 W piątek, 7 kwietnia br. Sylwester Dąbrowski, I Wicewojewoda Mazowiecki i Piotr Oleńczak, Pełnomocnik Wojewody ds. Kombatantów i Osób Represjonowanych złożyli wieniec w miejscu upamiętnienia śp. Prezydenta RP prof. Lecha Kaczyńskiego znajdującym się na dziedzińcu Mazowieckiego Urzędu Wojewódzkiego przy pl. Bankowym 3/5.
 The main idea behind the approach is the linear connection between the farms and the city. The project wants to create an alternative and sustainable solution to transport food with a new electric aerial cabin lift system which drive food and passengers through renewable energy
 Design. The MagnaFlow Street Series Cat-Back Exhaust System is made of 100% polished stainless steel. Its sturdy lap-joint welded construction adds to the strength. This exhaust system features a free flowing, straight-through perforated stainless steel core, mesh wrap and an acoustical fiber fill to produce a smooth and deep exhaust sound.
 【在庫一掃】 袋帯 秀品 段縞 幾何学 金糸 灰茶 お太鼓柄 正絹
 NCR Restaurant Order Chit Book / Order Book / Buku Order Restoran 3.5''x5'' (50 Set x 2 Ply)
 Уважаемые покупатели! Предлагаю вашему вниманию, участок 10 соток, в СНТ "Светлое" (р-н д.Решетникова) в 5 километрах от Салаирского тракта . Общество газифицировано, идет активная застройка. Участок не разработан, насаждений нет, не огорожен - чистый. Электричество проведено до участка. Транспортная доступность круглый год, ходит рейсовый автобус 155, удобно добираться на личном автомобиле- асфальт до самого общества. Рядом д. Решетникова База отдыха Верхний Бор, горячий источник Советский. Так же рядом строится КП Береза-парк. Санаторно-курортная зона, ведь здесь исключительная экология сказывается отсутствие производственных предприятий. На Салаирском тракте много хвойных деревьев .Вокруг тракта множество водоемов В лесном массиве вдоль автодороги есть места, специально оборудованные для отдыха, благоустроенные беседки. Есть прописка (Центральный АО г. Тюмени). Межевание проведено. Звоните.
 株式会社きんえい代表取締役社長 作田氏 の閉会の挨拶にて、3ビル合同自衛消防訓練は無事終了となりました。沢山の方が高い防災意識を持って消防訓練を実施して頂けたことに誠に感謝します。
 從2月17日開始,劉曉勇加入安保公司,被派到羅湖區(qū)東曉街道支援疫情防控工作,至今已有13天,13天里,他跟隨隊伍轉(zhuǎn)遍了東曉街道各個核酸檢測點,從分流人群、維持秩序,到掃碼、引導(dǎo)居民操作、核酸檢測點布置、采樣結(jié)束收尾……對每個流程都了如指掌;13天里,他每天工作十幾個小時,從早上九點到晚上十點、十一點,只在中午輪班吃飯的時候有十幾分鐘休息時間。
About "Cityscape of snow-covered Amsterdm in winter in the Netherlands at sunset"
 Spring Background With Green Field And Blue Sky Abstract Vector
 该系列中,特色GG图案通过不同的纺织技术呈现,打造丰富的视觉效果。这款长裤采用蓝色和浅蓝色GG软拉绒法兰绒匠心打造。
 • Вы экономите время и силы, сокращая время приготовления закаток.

------

Description of the task
Write out every entry exactly as given.

Response for this exercise
 W piątek, 7 kwietnia br. Sylwester Dąbrowski, I Wicewojewoda Mazowiecki i Piotr Oleńczak, Pełnomocnik Wojewody ds. Kombatantów i Osób Represjonowanych złożyli wieniec w miejscu upamiętnienia śp. Prezydenta RP prof. Lecha Kaczyńskiego znajdującym się na dziedzińcu Mazowieckiego Urzędu Wojewódzkiego przy pl. Bankowym 3/5.
 The main idea behind the approach is the linear connection between the farms and the city. The project wants to create an alternative and sustainable solution to transport food with a new electric aerial cabin lift system which drive food and passengers through renewable energy
 Design. The MagnaFlow Street Series Cat-Back Exhaust System is made of 100% polished stainless steel. Its sturdy lap-joint welded construction adds to the strength. This exhaust system features a free flowing, straight-through perforated stainless steel core, mesh wrap and an acoustical fiber fill to produce a smooth and deep exhaust sound.
 【在庫一掃】 袋帯 秀品 段縞 幾何学 金糸 灰茶 お太鼓柄 正絹
 NCR Restaurant Order Chit Book / Order Book / Buku Order Restoran 3.5''x5'' (50 Set x 2 Ply)
 Уважаемые покупатели! Предлагаю вашему вниманию, участок 10 соток, в СНТ "Светлое" (р-н д.Решетникова) в 5 километрах от Салаирского тракта . Общество газифицировано, идет активная застройка. Участок не разработан, насаждений нет, не огорожен - чистый. Электричество проведено до участка. Транспортная доступность круглый год, ходит рейсовый автобус 155, удобно добираться на личном автомобиле- асфальт до самого общества. Рядом д. Решетникова База отдыха Верхний Бор, горячий источник Советский. Так же рядом строится КП Береза-парк. Санаторно-курортная зона, ведь здесь исключительная экология сказывается отсутствие производственных предприятий. На Салаирском тракте много хвойных деревьев .Вокруг тракта множество водоемов В лесном массиве вдоль автодороги есть места, специально оборудованные для отдыха, благоустроенные беседки. Есть прописка (Центральный АО г. Тюмени). Межевание проведено. Звоните.
 株式会社きんえい代表取締役社長 作田氏 の閉会の挨拶にて、3ビル合同自衛消防訓練は無事終了となりました。沢山の方が高い防災意識を持って消防訓練を実施して頂けたことに誠に感謝します。
 從2月17日開始,劉曉勇加入安保公司,被派到羅湖區(qū)東曉街道支援疫情防控工作,至今已有13天,13天里,他跟隨隊伍轉(zhuǎn)遍了東曉街道各個核酸檢測點,從分流人群、維持秩序,到掃碼、引導(dǎo)居民操作、核酸檢測點布置、采樣結(jié)束收尾……對每個流程都了如指掌;13天里,他每天工作十幾個小時,從早上九點到晚上十點、十一點,只在中午輪班吃飯的時候有十幾分鐘休息時間。
About "Cityscape of snow-covered Amsterdm in winter in the Netherlands at sunset"
 Spring Background With Green Field And Blue Sky Abstract Vector
 该系列中,特色GG图案通过不同的纺织技术呈现,打造丰富的视觉效果。这款长裤采用蓝色和浅蓝色GG软拉绒法兰绒匠心打造。
 • Вы экономите время и силы, сокращая время приготовления закаток.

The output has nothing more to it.